I have missed the last 3 weeks of front squat, so I didnt really need a deload, but after yesterday and the extended break taking the day to really focus on form was a good plan.

 

WOD

 

[10:1]

 

Power Clean 75lb

Burpees 

 

Start at 10 of each, work down until you hit 1 of each. Took me 11:30. Was tough but I pushed through. Sets where unbroken once started. Took me a few seconds to compose myself after the burpees though.

 

My gym is having a "Eat to Perform" challenge. The grand prize is 6 months free! I could definitely use that, so starting in march I am really going to focus on lowering my BF and fixing my diet. I will track every day, and really focus. More details on that when I learn more myself.

 

I will be testing my BF again next week. Apparantly they bought a new machine that is supposed to calculate more accurately than calipers. Should be interesting to see. It even prints out a sheet with all relevant data on it. I am not going to dismiss it right away, but I am going to miss the spot measurement.
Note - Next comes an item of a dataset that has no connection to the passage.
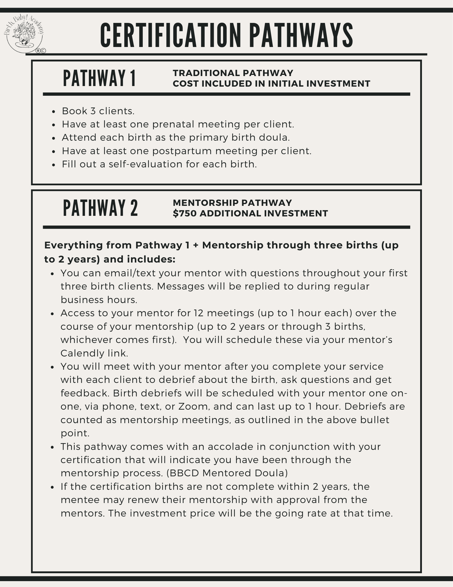 The Mentorship Pathway is one of the ways to get your certification as a birth doula. Pathway 1 is included with the price of training and is all that’s required for certification. For those desiring more mentorship through the process, Pathway 2 is the way to go! For more details, see below!

As it makes it easier to see progress I think. But who knows.

 

Going to do some googling/searching and find a city street image that I like and do a painting of it. I will consider it a speed painting as it wont be super detailed, but its not from my imagination like the desert one was.

 

I think thats it for now.

"All we have to decide is what to do with the time that is given to us." - J.R.R Tolkien

"Progress, not perfection."

"Persist, Pivot, or Concede." - Matthew McConaughey

"Today I will do what others won't, so tomorrow I can accomplish what others can't."

Rants, Thoughts, and Workouts-->Battle Log | The Improvening (Current Challenge)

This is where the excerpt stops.